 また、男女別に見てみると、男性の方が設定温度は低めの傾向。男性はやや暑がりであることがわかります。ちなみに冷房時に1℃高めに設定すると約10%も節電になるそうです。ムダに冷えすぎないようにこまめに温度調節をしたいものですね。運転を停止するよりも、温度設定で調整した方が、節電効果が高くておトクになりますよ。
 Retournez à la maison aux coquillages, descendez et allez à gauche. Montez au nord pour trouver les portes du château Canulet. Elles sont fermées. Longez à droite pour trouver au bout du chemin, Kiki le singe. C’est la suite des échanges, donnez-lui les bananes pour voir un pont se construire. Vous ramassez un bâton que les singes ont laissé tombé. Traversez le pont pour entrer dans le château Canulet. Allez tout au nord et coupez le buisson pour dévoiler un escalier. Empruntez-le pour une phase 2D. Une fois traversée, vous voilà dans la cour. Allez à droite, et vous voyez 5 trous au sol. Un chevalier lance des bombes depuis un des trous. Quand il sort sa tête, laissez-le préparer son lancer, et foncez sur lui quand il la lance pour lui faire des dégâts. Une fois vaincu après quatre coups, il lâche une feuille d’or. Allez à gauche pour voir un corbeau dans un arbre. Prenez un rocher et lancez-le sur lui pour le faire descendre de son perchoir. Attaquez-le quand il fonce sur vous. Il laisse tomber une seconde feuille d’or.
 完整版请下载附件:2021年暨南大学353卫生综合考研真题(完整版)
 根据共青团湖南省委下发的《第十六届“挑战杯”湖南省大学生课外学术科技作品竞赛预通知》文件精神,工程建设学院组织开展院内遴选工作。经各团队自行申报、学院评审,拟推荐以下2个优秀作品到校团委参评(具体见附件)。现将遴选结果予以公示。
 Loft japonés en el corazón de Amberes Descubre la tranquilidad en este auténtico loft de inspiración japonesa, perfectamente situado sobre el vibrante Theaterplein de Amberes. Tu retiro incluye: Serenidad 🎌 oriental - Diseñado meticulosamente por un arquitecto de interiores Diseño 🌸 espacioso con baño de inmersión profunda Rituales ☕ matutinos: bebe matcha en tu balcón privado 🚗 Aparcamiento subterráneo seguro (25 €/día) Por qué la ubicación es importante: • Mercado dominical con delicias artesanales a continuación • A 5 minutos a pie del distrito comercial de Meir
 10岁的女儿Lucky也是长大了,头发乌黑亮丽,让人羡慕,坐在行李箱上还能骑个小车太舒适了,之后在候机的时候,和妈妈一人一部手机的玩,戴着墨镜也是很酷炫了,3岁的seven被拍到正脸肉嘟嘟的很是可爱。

==

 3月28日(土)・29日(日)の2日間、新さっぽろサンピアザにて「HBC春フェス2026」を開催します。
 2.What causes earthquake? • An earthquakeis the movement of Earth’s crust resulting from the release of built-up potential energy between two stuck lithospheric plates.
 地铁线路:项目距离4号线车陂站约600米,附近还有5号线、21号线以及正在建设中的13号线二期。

* * *

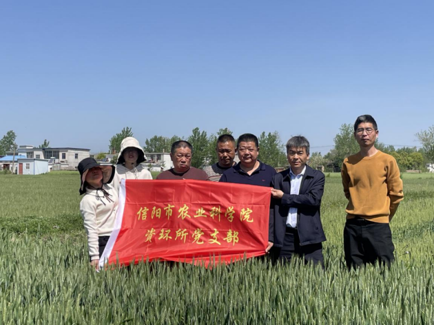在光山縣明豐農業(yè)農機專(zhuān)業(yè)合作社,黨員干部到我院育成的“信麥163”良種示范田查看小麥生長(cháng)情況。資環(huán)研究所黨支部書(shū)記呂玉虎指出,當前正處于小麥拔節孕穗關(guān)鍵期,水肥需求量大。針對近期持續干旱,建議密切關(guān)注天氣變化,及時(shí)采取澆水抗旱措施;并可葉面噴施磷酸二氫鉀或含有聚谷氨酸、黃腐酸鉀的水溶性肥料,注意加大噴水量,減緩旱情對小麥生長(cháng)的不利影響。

* Required action: A word-for-word copy of the lines above from the one with "また、男女別に見てみると、男" through the one with "10岁的女儿Lucky也是长", inclusive, is the only output wanted.

* Result of this exercise:
 また、男女別に見てみると、男性の方が設定温度は低めの傾向。男性はやや暑がりであることがわかります。ちなみに冷房時に1℃高めに設定すると約10%も節電になるそうです。ムダに冷えすぎないようにこまめに温度調節をしたいものですね。運転を停止するよりも、温度設定で調整した方が、節電効果が高くておトクになりますよ。
 Retournez à la maison aux coquillages, descendez et allez à gauche. Montez au nord pour trouver les portes du château Canulet. Elles sont fermées. Longez à droite pour trouver au bout du chemin, Kiki le singe. C’est la suite des échanges, donnez-lui les bananes pour voir un pont se construire. Vous ramassez un bâton que les singes ont laissé tombé. Traversez le pont pour entrer dans le château Canulet. Allez tout au nord et coupez le buisson pour dévoiler un escalier. Empruntez-le pour une phase 2D. Une fois traversée, vous voilà dans la cour. Allez à droite, et vous voyez 5 trous au sol. Un chevalier lance des bombes depuis un des trous. Quand il sort sa tête, laissez-le préparer son lancer, et foncez sur lui quand il la lance pour lui faire des dégâts. Une fois vaincu après quatre coups, il lâche une feuille d’or. Allez à gauche pour voir un corbeau dans un arbre. Prenez un rocher et lancez-le sur lui pour le faire descendre de son perchoir. Attaquez-le quand il fonce sur vous. Il laisse tomber une seconde feuille d’or.
 完整版请下载附件:2021年暨南大学353卫生综合考研真题(完整版)
 根据共青团湖南省委下发的《第十六届“挑战杯”湖南省大学生课外学术科技作品竞赛预通知》文件精神,工程建设学院组织开展院内遴选工作。经各团队自行申报、学院评审,拟推荐以下2个优秀作品到校团委参评(具体见附件)。现将遴选结果予以公示。
 Loft japonés en el corazón de Amberes Descubre la tranquilidad en este auténtico loft de inspiración japonesa, perfectamente situado sobre el vibrante Theaterplein de Amberes. Tu retiro incluye: Serenidad 🎌 oriental - Diseñado meticulosamente por un arquitecto de interiores Diseño 🌸 espacioso con baño de inmersión profunda Rituales ☕ matutinos: bebe matcha en tu balcón privado 🚗 Aparcamiento subterráneo seguro (25 €/día) Por qué la ubicación es importante: • Mercado dominical con delicias artesanales a continuación • A 5 minutos a pie del distrito comercial de Meir
 10岁的女儿Lucky也是长大了,头发乌黑亮丽,让人羡慕,坐在行李箱上还能骑个小车太舒适了,之后在候机的时候,和妈妈一人一部手机的玩,戴着墨镜也是很酷炫了,3岁的seven被拍到正脸肉嘟嘟的很是可爱。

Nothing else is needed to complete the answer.